# 720 pickup high idle issue



## AZPaul (Nov 10, 2010)

My 720 pickup when started idles super high and will not lower until I drive it for a few miles. It some times stalls when I put it in gear. I know it will idle down after a while but I'm afraid it will damage my tranny.:newbie:


----------



## SPEEDO (Jun 9, 2003)

what year etc?


----------



## cknox3 (Nov 26, 2010)

Spray brake clean or carb cleaner around the carb also at vacum lines to check for a vacum leak, my84 720 carb has a small leak and idles high but then comes down.


----------



## Ben1 (Nov 12, 2010)

My 83 720 idles high too. I'll check for the vacuum leak and report back if I find the cause.


----------



## colt45 (Dec 17, 2010)

i was having a similar issue with my 85. mine was a combo of vacume leak and a bad choke that wasn releasing the fast idle cam.


----------



## SCBojangles1138 (Dec 22, 2010)

I'm also having high idling issues. Mine is an 82 and its a manual and diesel. My idle is so high that downshifting to first or second gear to slow down is pointless. However, I am not grinding gears while trying to downshift.
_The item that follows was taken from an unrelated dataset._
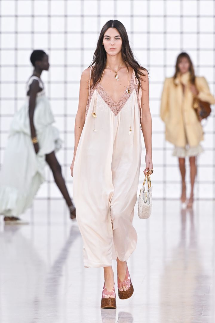 胸元がピンクベージュのレースでトリミングされたクロエのシルクスリップドレスをエフォートレスに着こなして。ゴールドトーンのシェルのネックレスもノンシャランな雰囲気です。2024年9月、クロエのランウェイより。

It's like I had it on auto throttle (I think that's what its called) and forgot to turn it off - except I did turn it off.


----------



## colt45 (Dec 17, 2010)

if you take the air cleaner off and start it cold. watch the choke open. mine wasn opening all the way and leaving the fast idle cam on the first step up. manual choke conversion fixed issue.


----------



## fnstone (Dec 7, 2010)

I don't know if it will help but there's an electrical connection on the base of mine which was very dirty, and which I cleaned. Mine also had a broken wire on the throttle valve switch on the inboard side. 
My problem was mostly with the throttle sticking open on acceleration, but maybe the problems are related.
Sorry to say, I don't understand how this thing works, my Haynes manual doesn't go into a lot of detail about how the carb works.


----------